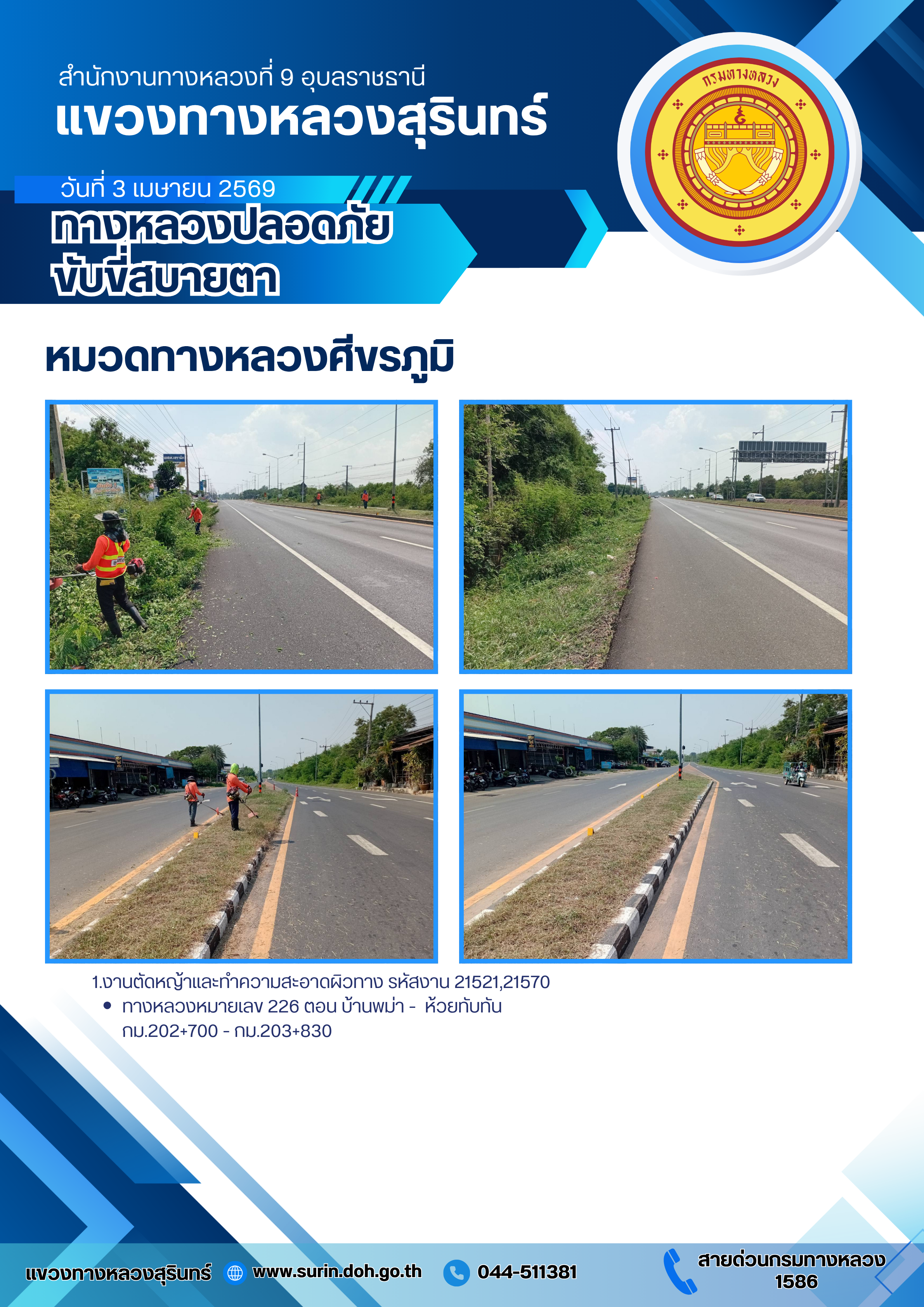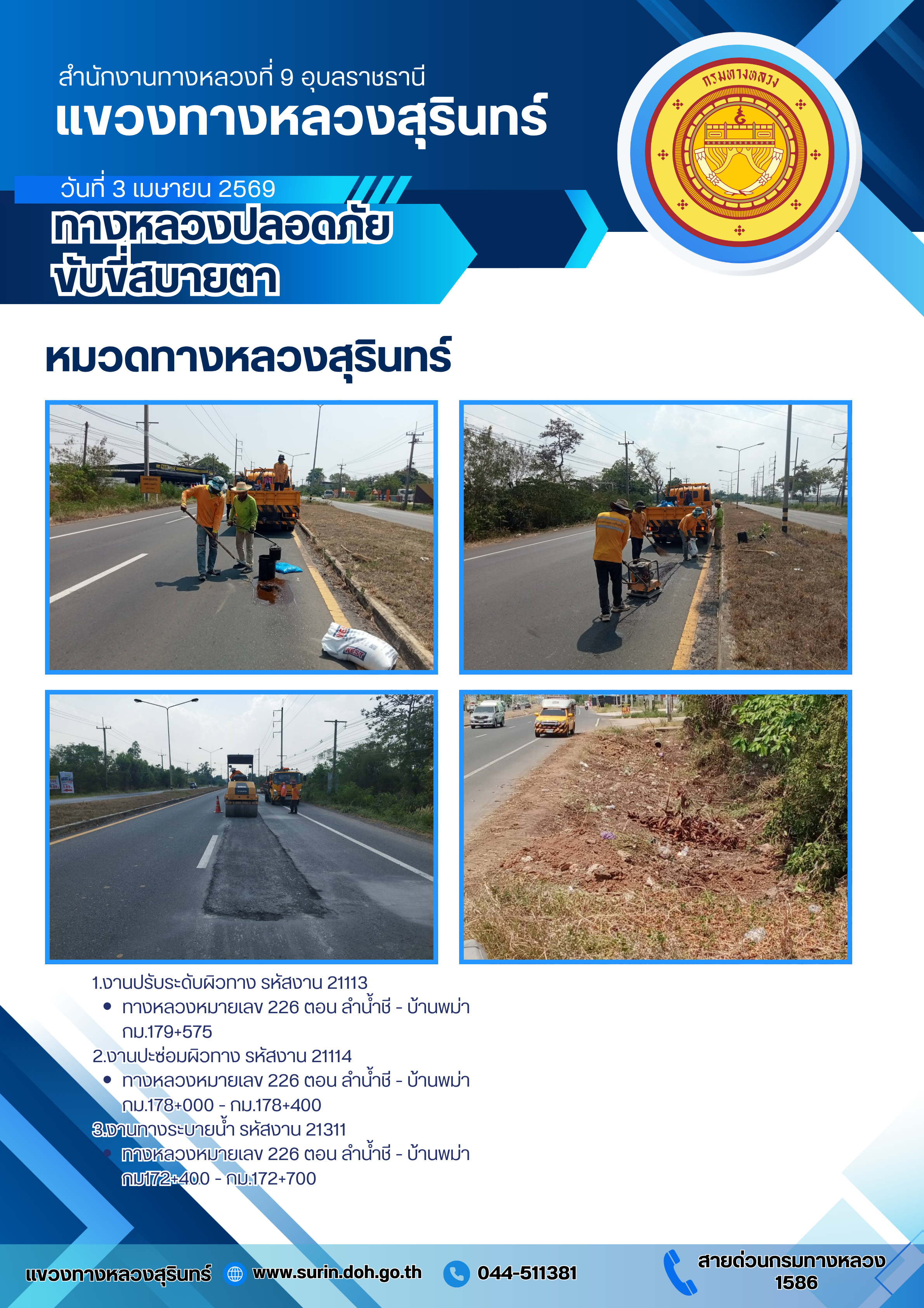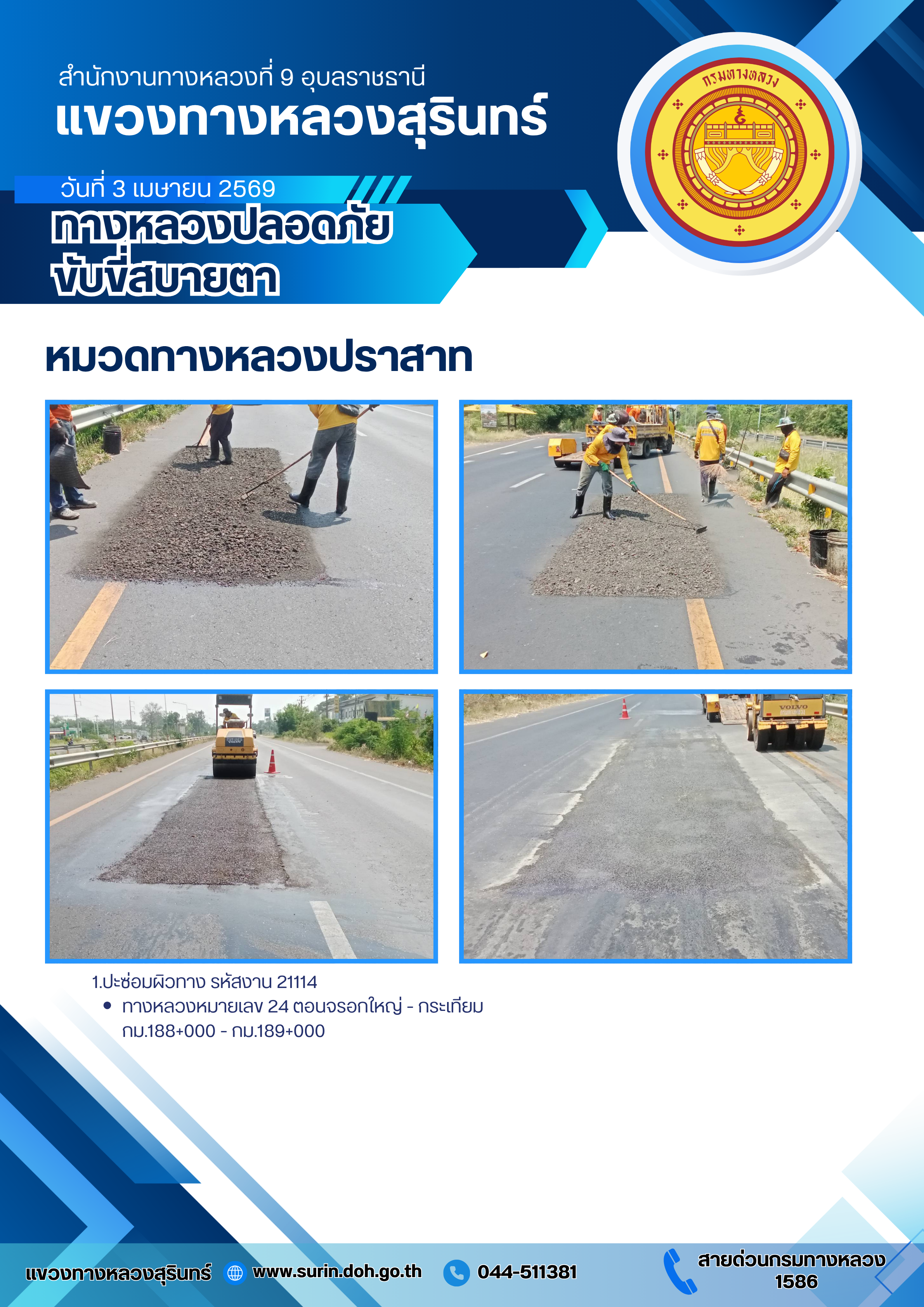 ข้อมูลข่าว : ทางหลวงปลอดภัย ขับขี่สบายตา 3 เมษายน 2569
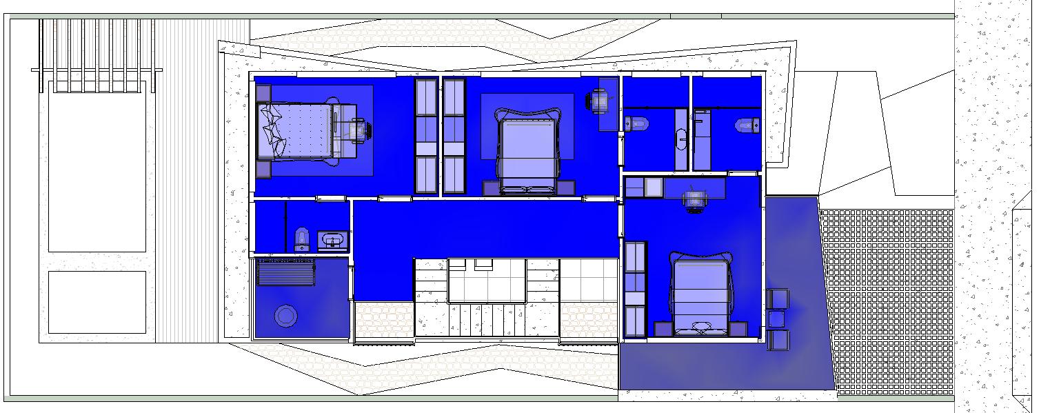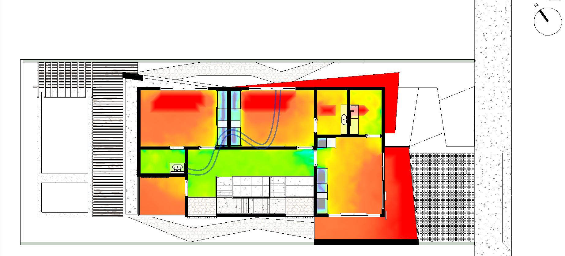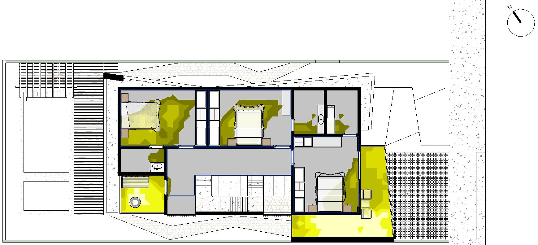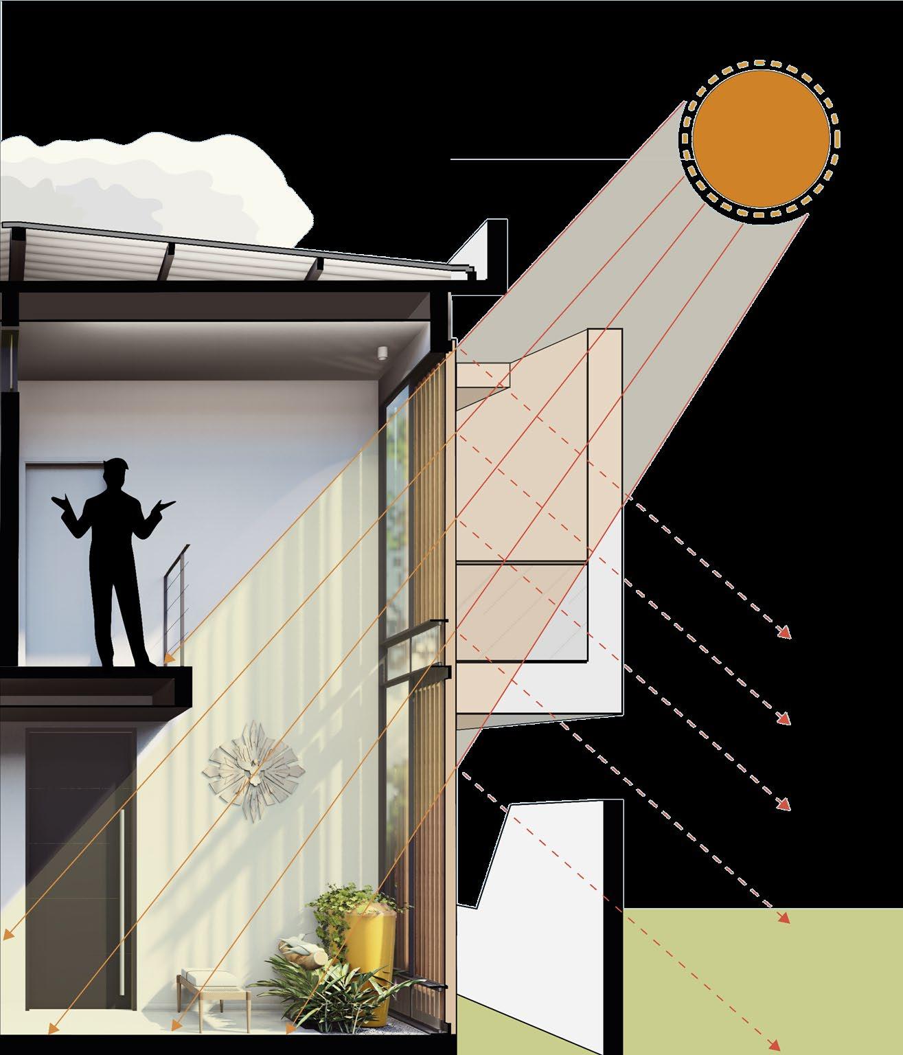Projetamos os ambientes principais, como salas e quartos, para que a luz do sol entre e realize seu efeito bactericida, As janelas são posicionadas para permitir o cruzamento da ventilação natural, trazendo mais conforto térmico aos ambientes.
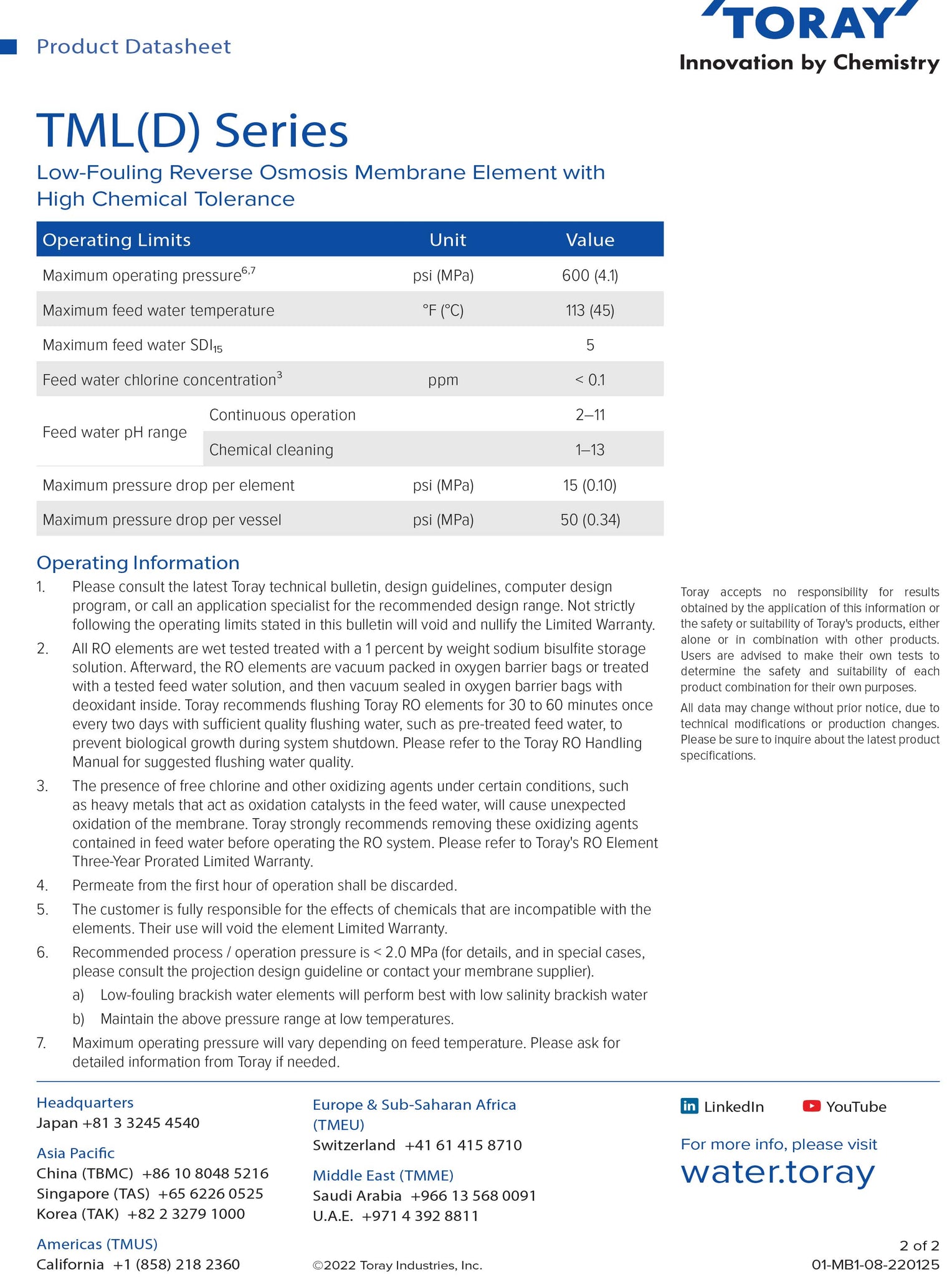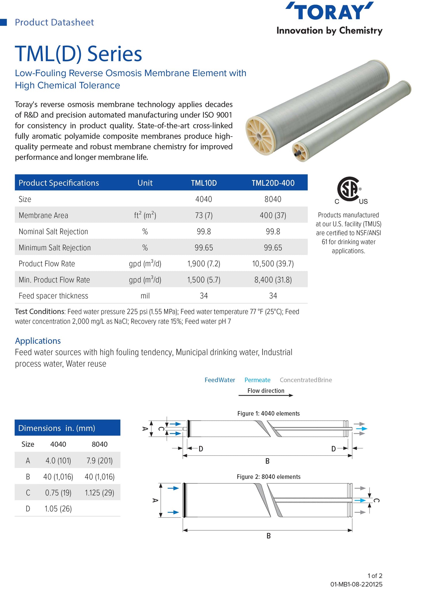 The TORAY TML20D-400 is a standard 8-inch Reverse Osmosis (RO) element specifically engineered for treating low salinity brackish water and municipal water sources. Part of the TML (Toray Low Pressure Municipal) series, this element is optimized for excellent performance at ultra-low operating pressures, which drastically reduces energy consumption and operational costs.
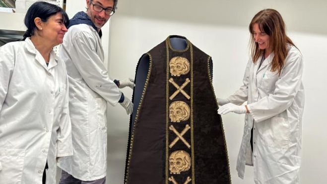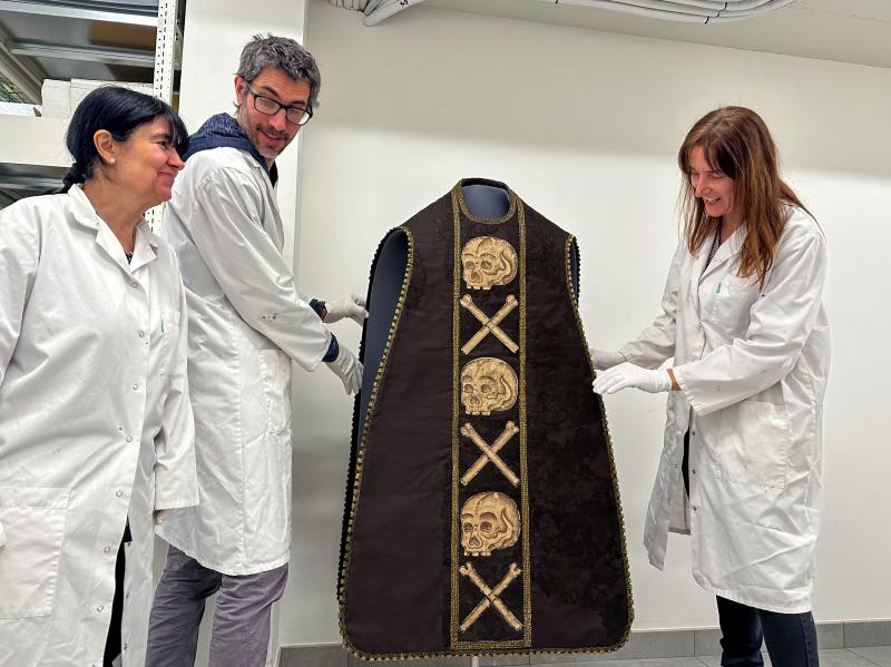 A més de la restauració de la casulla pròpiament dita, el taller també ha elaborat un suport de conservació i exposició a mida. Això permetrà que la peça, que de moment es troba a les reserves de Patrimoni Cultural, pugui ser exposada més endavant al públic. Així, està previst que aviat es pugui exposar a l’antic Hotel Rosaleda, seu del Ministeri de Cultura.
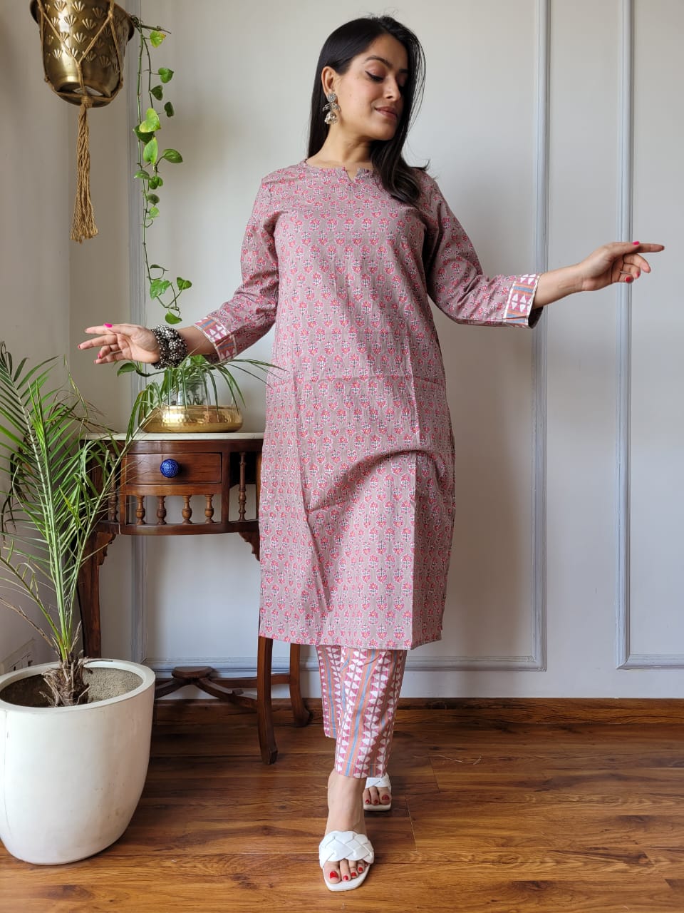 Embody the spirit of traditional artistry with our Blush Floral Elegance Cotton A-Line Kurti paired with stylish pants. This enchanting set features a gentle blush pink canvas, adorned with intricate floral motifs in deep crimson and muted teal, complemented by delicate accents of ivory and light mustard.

⁂

Can the lines from the start of the records through the line with "Projetamos os ambientes" be given again exactly, with the pictures left out?

 ข้อมูลข่าว : ทางหลวงปลอดภัย ขับขี่สบายตา 3 เมษายน 2569
Projetamos os ambientes principais, como salas e quartos, para que a luz do sol entre e realize seu efeito bactericida, As janelas são posicionadas para permitir o cruzamento da ventilação natural, trazendo mais conforto térmico aos ambientes.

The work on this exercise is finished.